* YOUR INSTRUCTIONS *
Using the data below, return word for word every line from the one holding "This striking bracelet" down to the one holding "Selling a brand". Leave pictures out.

* STUDY MATERIAL *
= = = =
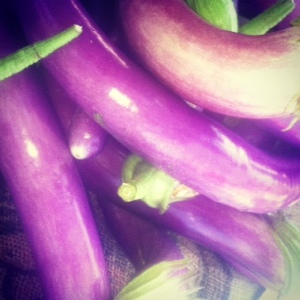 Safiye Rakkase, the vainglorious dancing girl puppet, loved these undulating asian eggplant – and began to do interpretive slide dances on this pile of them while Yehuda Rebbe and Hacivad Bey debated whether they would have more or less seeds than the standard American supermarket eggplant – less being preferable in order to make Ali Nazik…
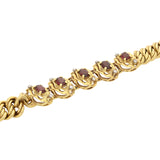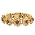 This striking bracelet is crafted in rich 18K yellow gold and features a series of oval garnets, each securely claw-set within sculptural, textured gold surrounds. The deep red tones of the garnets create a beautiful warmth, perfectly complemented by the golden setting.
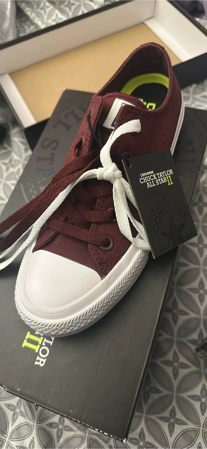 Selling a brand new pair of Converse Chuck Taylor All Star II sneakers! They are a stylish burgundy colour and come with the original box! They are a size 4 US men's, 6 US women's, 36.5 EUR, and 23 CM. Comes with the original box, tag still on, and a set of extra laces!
= = = =
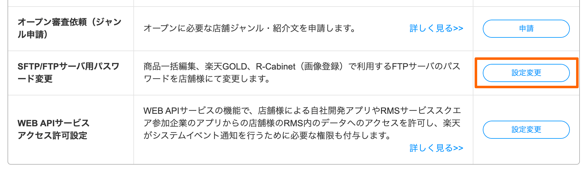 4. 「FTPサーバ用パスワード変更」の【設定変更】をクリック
= = = =
* EXERCISE SOLUTION *
 This striking bracelet is crafted in rich 18K yellow gold and features a series of oval garnets, each securely claw-set within sculptural, textured gold surrounds. The deep red tones of the garnets create a beautiful warmth, perfectly complemented by the golden setting.
 Selling a brand new pair of Converse Chuck Taylor All Star II sneakers! They are a stylish burgundy colour and come with the original box! They are a size 4 US men's, 6 US women's, 36.5 EUR, and 23 CM. Comes with the original box, tag still on, and a set of extra laces!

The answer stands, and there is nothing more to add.